◆ Task directions
Only the lines from the beginning of the data through the line holding "Chrome Finished Supermarket" belong in the answer, printed exactly and without pictures.

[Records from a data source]

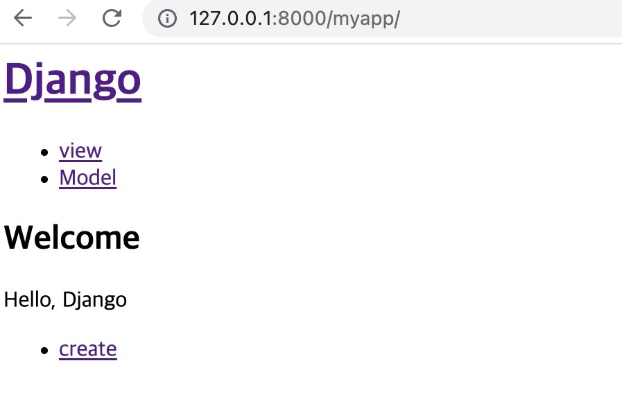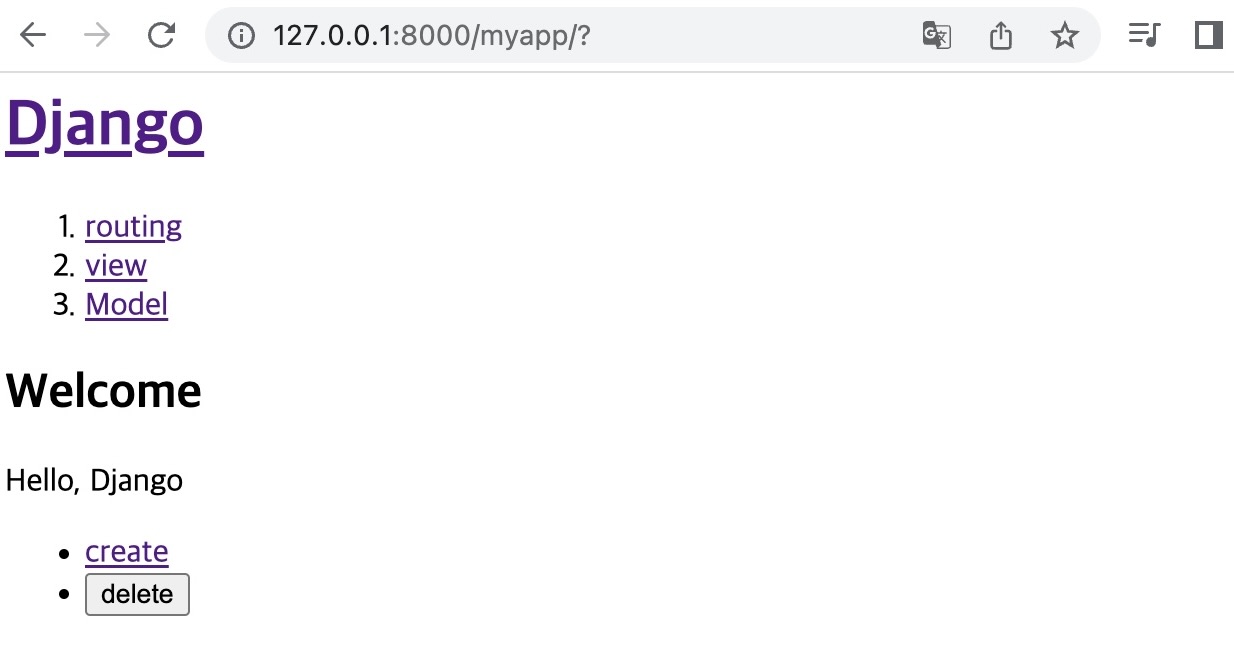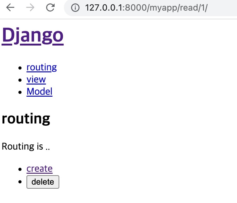 def HTMLTemplate(articleTag): global topics ol = '' for topic in topics: ol += f'<li><a href="read/{topic["id"]}">{topic["title"]}</a></li>' return f''' <html> <body> <h1><a href="/myapp">Django</a></h1> <ol> {ol} </ol> {articleTag} <ul> <li><a href="/myapp/create/">create</a></li> <li> <form> <input type="submit" value="delete"> </form> </li> </ul> </body> </html> '''아래와 같이 버튼이 추가된것을 확인할 수 있습니다.
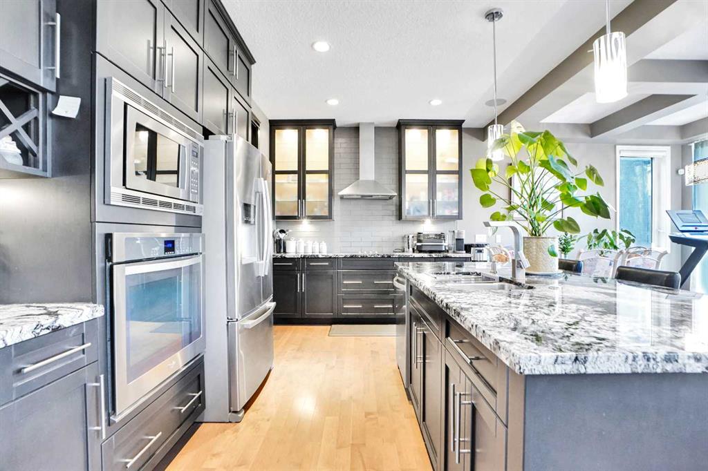 Welcome to your dream home — a meticulously maintained 4-bedroom, 3.5-bathroom sanctuary nestled in a peaceful cul-de-sac in one of the city’s most sought-after neighbourhood of Cranston. This impressive property offers over 2,424 sq ft of luxurious living space, thoughtfully designed for both comfort and style. Step inside and be greeted by soaring high ceilings and an abundance of natural light that pours through large windows, creating a bright and inviting atmosphere. The chef’s kitchen is a true showstopper —featuring built-in stainless steel appliances, granite countertops, custom cabinetry, and a spacious island perfect for entertaining or family gatherings. The open-concept main floor flows seamlessly into the elegant living and dining areas, anchored by a cozy fireplace. Upstairs, you’ll find a spacious primary suite with a spa-like ensuite and walk-in closet, along with two additional generously sized bedrooms and a full bath. Downstairs, the fully finished walk-out basement is an entertainer’s dream. Enjoy a custom wet bar, a large recreation space, an additional bedroom, and a full bath — perfect for guests or multi- generational living. Step outside to a beautifully landscaped backyard that opens directly from the lower level, offering privacy and plenty of space to relax or entertain. This home truly has it all — space, luxury, functionality, and a prime location. Don’t miss your chance to make it yours! Book a Showing today!
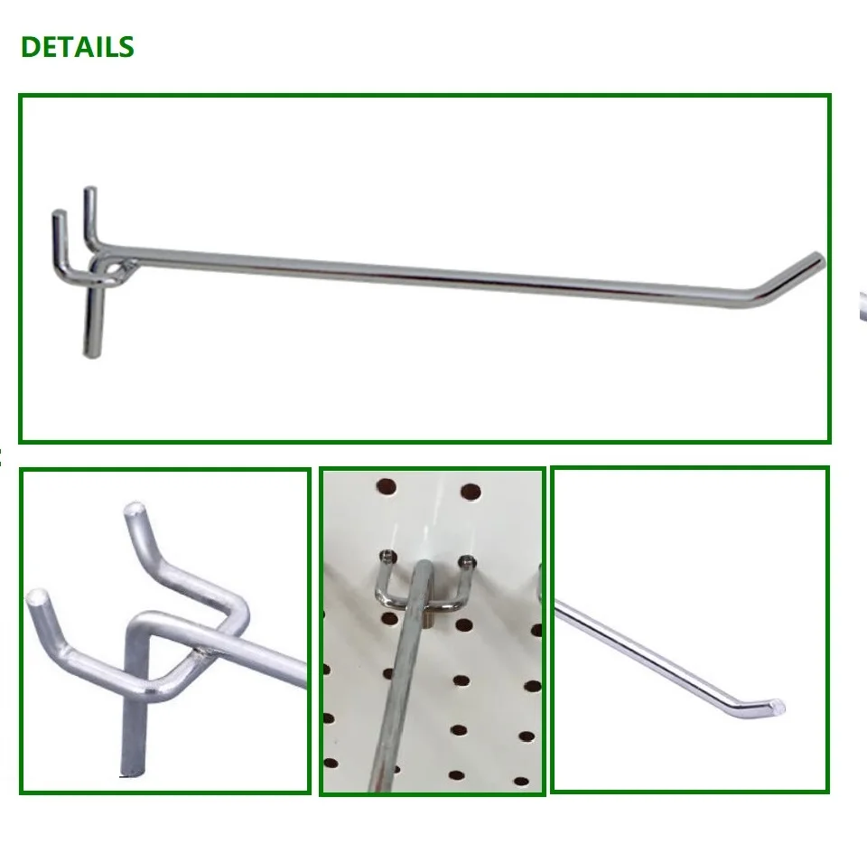 Chrome Finished Supermarket Metal Display Hanging Pegboard Hook for punched board
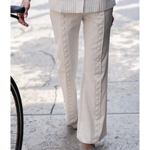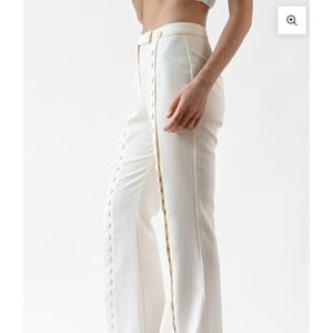 The Fabio Snap Trouser is a mid rise pant, crafted with a crisp ivory linen fabrication. It features linen-covered snaps down the front and an extended tab at the waistband.
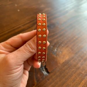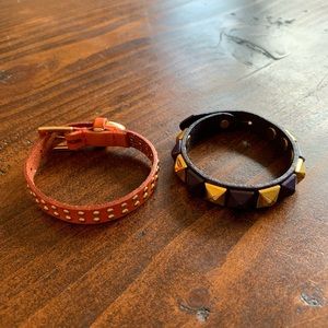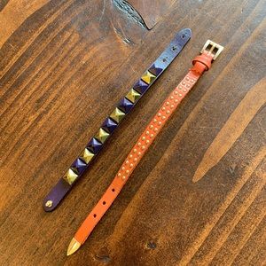 2 leather bracelets with gold stud accents. One is orange leather and the other is dark purple leather. In good used condition. Last pic shows a similar bracelet to show fit.

◆ Result of this exercise
 def HTMLTemplate(articleTag): global topics ol = '' for topic in topics: ol += f'<li><a href="read/{topic["id"]}">{topic["title"]}</a></li>' return f''' <html> <body> <h1><a href="/myapp">Django</a></h1> <ol> {ol} </ol> {articleTag} <ul> <li><a href="/myapp/create/">create</a></li> <li> <form> <input type="submit" value="delete"> </form> </li> </ul> </body> </html> '''아래와 같이 버튼이 추가된것을 확인할 수 있습니다.
 Welcome to your dream home — a meticulously maintained 4-bedroom, 3.5-bathroom sanctuary nestled in a peaceful cul-de-sac in one of the city’s most sought-after neighbourhood of Cranston. This impressive property offers over 2,424 sq ft of luxurious living space, thoughtfully designed for both comfort and style. Step inside and be greeted by soaring high ceilings and an abundance of natural light that pours through large windows, creating a bright and inviting atmosphere. The chef’s kitchen is a true showstopper —featuring built-in stainless steel appliances, granite countertops, custom cabinetry, and a spacious island perfect for entertaining or family gatherings. The open-concept main floor flows seamlessly into the elegant living and dining areas, anchored by a cozy fireplace. Upstairs, you’ll find a spacious primary suite with a spa-like ensuite and walk-in closet, along with two additional generously sized bedrooms and a full bath. Downstairs, the fully finished walk-out basement is an entertainer’s dream. Enjoy a custom wet bar, a large recreation space, an additional bedroom, and a full bath — perfect for guests or multi- generational living. Step outside to a beautifully landscaped backyard that opens directly from the lower level, offering privacy and plenty of space to relax or entertain. This home truly has it all — space, luxury, functionality, and a prime location. Don’t miss your chance to make it yours! Book a Showing today!
 Chrome Finished Supermarket Metal Display Hanging Pegboard Hook for punched board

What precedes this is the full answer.